DATASET EXTRACT below:
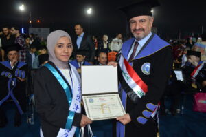 شاركت كلية العلوم متمثلة بعميدها الاستاذ الدكتور عبد الكريم القزاز واعضاء مجلس الكلية وطلبتها وتدريسييها، في حفل التخرج المركزي للعام الدراسي 2021-2022 الدورة 65 التي حملت شعار “بالعلم تبنى الاوطان” والذي اقيم في حدائق كلية التربية البدنية وعلوم الرياضة، بحضور وزير التعليم العالي والبحث العلمي الدكتور نعيم العبودي ورعايته وبمشاركة أكاديمية كبيرة، الى جانب رؤساء عدد من الجامعات وعمداء الكليات، وعددا من المسؤولين واصحاب القرار.
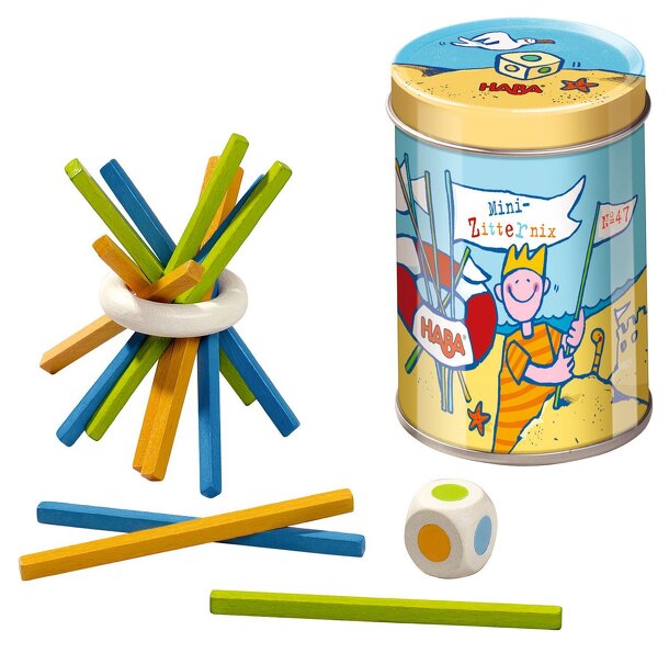 Wooden dowels of the same thickness are placed within a wooden ring and then twisted so they balance on the table. Players roll a colored die which determines which dowel they must remove from the ring (colors are green, orange, and blue). Each dowel is worth 1 point. The player with the most points when the structure collapses (when the ring hits the...
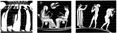 В центре: урок Лина (по краснофигурному скифосу художника Пистокоена, 475 до н. э.).
End of DATASET EXTRACT.
- **WHAT NEEDS TO BE DONE**
The whole listing above, minus its pictures, is what you should write out word for word.

- **TASK OUTPUT**
 شاركت كلية العلوم متمثلة بعميدها الاستاذ الدكتور عبد الكريم القزاز واعضاء مجلس الكلية وطلبتها وتدريسييها، في حفل التخرج المركزي للعام الدراسي 2021-2022 الدورة 65 التي حملت شعار “بالعلم تبنى الاوطان” والذي اقيم في حدائق كلية التربية البدنية وعلوم الرياضة، بحضور وزير التعليم العالي والبحث العلمي الدكتور نعيم العبودي ورعايته وبمشاركة أكاديمية كبيرة، الى جانب رؤساء عدد من الجامعات وعمداء الكليات، وعددا من المسؤولين واصحاب القرار.
 Wooden dowels of the same thickness are placed within a wooden ring and then twisted so they balance on the table. Players roll a colored die which determines which dowel they must remove from the ring (colors are green, orange, and blue). Each dowel is worth 1 point. The player with the most points when the structure collapses (when the ring hits the...
 В центре: урок Лина (по краснофигурному скифосу художника Пистокоена, 475 до н. э.).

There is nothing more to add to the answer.